# Not In Shop Today.



## Whyemier (Jan 6, 2017)

Though retired and at home I'm staying inside because of being 'puny' feeling.  Probably just allergies but I've felt this way before and it's turned into bronchitis and/or pneumonia.  So I'm taking it easy inside.

Only good thing today is the 1/2 ton arbor press came moments ago.  Its made in China, MHC Industrial Supply. Got a good price so hope that's not indicative of the quality. Wasn't expecting it until Monday next. So, even on a down day there is sunshine.
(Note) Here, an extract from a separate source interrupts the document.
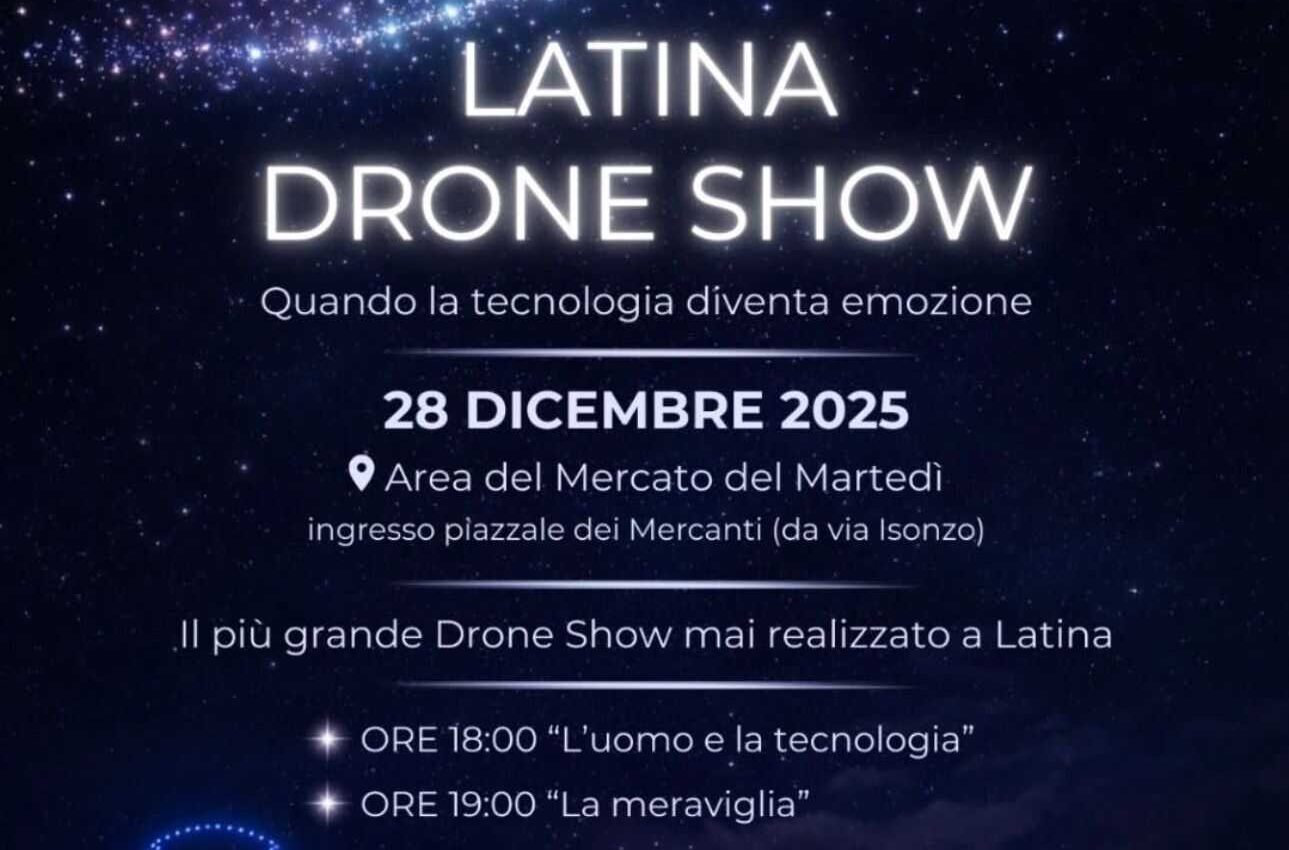 LATINA – Domenica 28 Dicembre, Latina si illumina in programma due straordinari spettacoli di droni luminosi in piazza del Mercato del Martedì:

Whyemier the slow but appreciative.


----------



## Firestopper (Jan 6, 2017)

Its alway good to listen to your body, feel better.


----------



## minions (Jan 6, 2017)

Get well soon and I'm jealous.  Arbor press is on my want list.  I should have pulled the trigger before I went on my financial diet for the new year.  
Pneumonia is no joke be careful.


Sent from my iPhone using Tapatalk


----------



## wawoodman (Jan 6, 2017)

And the older we get, the longer it takes to get better.


----------



## FOMOGO (Jan 6, 2017)

Ah yes, the Golden years. Not always the way we would have it, but better than a dirt nap by a long shot. Hope your feeling better soon. Cheers, Mike


----------



## fixit (Jan 6, 2017)

I have found the "golden years"  are not for sissies


----------



## Whyemier (Jan 6, 2017)

fixit said:


> I have found the "golden years"  are not for sissies



O lord! I'm in trouble.


----------



## Randall Marx (Jan 10, 2017)

What's so bad about a dirt nap? Grandpa used to take one every day in the summer - Lie down in the yard and take a nap!


----------